Just as a matter of interest, how difficult is it to add new IOCTL calls? Are these defined within Hijack for custom applications to use, or are they already defined within the kernel for the player application too?

I don't know...I've never added any..but it's certainly possible for some of the hackers here.

I'm just wondering what would happen if two competing applications are attempting to adjust the volume (ie. the player app when the volume knob moves, and volume adjustment code as some external variable changes). Would both app's be using the same IOCTL calls? I guess if GPSapp is just modifying current volume when vehicle speed changes more than a given amount the two apps would still work alongside okay...

That would be the beauty of doing it in userland using the same IOCTLs, and having GPSapp simply stepping the volume upon speed changes vs having GPSapp try to track the current volume or doing it in the kernel.

Let's say that you've just got in the car, and you set the volume quite loud, eg -10dB whilst motionless. The player volume shows -10dB etc. As you accelerate, GPSapp steps up the volume until eg when you're at 65mph, the volume is now at -6dB. (Assuming 1dB/10mph starting at 30mph). And this is working well. Now you get a mild headache, or you want to hold a conversation, or for whatever reason you want to turn the volume down a bit. When you first turn the knob, the player will display that you were at -6dB. Let's say you turn it down to -15dB, which is a comfortable conversational level at 65mph. Now when you slow down to a stop, GPSapp would step the volume down by the same amount that it stepped it up earlier, ie 4 steps, so you'd be at -19dB. (And the player would display that now were you to readjust the volume again.)

So in theory, your 'base' listening level adjustment of -9dB would still be intact.

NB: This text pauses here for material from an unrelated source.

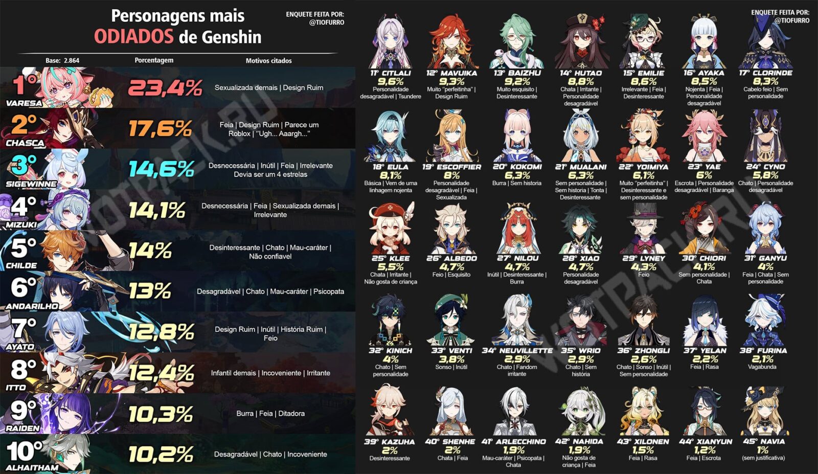 В социальных сетях португальские игроки провели голосование — пользователь под ником @tiofurro___ собрал мнение 2864 геймеров относительно того, кто в Genshin Impact их самый нелюбимый герой и почему. Из указанного примерного количества голосов следует вывод, что называли не только кого-то одного, но и сразу нескольких кандидатов. Результаты опроса следующие:
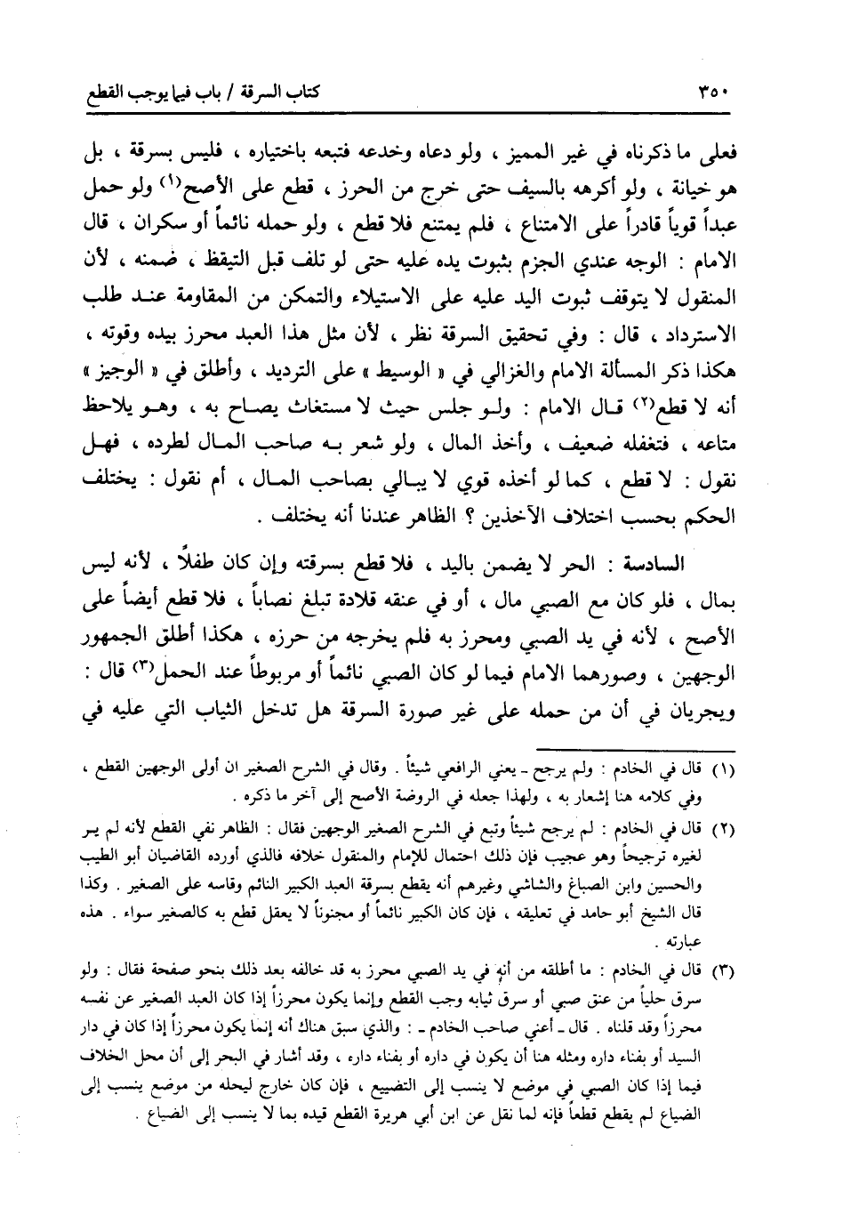 فعلى ما ذكرناه في غير المميز، ولو دعاه وخدها فتبعه باختياره، فليس بسرقة، بل هو خيانة، لو أكرهه بالسيف حتى خرج من الحرز، قطع على الاصح، ولو حمل عبدا قويا قادرا على الامتناع، فلم يمتنع، فلا قطع، ولو حمله نائما أو سكران، قال الامام: الوجه عندي الجزم بثبوت يده عليه حتى لو تلف قبل التيقظ، ضمنه، لان المنقول لا يتوقف ثبوت اليد عليه على الاستيلاء والتمكن من المقاومة عند طلب الاسترداد، قال: وفي تحقيق السرقة نظر، لان مثل هذا العبد محرز بيده وقوته، هكذا ذكر المسألة الامام والغزالي في الوسيط على الترديد، وأطلق في الوجيز أنه لا قطع، قال الامام: ولو جلس حيث لا مستغاث يصاح به، وهو يلاحظ متاعه، فتغفله ضعيف، وأخذ المال، ولو شعر به صاحب المال لطرده، فهل نقول: لا قطع، كما لو أخذه قوي لا يبالي بصاحب المال، أم نقول: يختلف الحكم بحسب اختلاف الآخذين ؟ الظاهر عندنا أنه يختلف. السادسة: الحر لا يضمن باليد، فلا قطع بسرقته وإن كان طفلا، لانه ليس بمال، فلو كان مع الصبي مال، أو في عنقه قلادة تبلغ نصابا، فلا قطع أيضا على الاصح، لانه في يد الصبي ومحرز به فلم يخرجه من حرزه، هكذا أطلق الجمهور الوجهين، وصورهما الامام فيما لو كان الصبي نائما أو مربوطا عند الحمل، قال: ويجريان في أن من حمله على غير صورة السرقة هل تدخل الثياب التي عليه في

In practice, there's another curveball that gets thrown at us. I mentioned earlier that the volume settings are a fixed size array of discrete entries. It so happens that the dB step between entries isn't actually a fixed amount. At extremely low levels the step is 2-3dB. For most of the useful volume range, the step is 0.5dB, but if you don't have the 'limit volume to 0dB' setting flagged in Emplode, the steps between 0dB and +10dB are 1dB. In practice, this shouldn't matter too much. It does mean that talking about '1dB/10mph' is meaningless. We'd be better off talking about '2 steps/10mph', or 'step/X mph'. We just have to accept that the step size isn't consistent across the whole volume range, and I'm sure that the functionality will still work well enough for it to be useful. (This affects the volboost code as well - and people using that find that it works well enough to be useful.)

So in practice your 'base' listening level adjustment of -X 'volume steps' would still be intact after a speed change.

Now if you changed volume whilst dramatically changing speed then that previous statement is invalid. But the whole point of this feature would be to make that irrelevant anyway - set the volume to a good level for your current speed, and it'll adjust itself.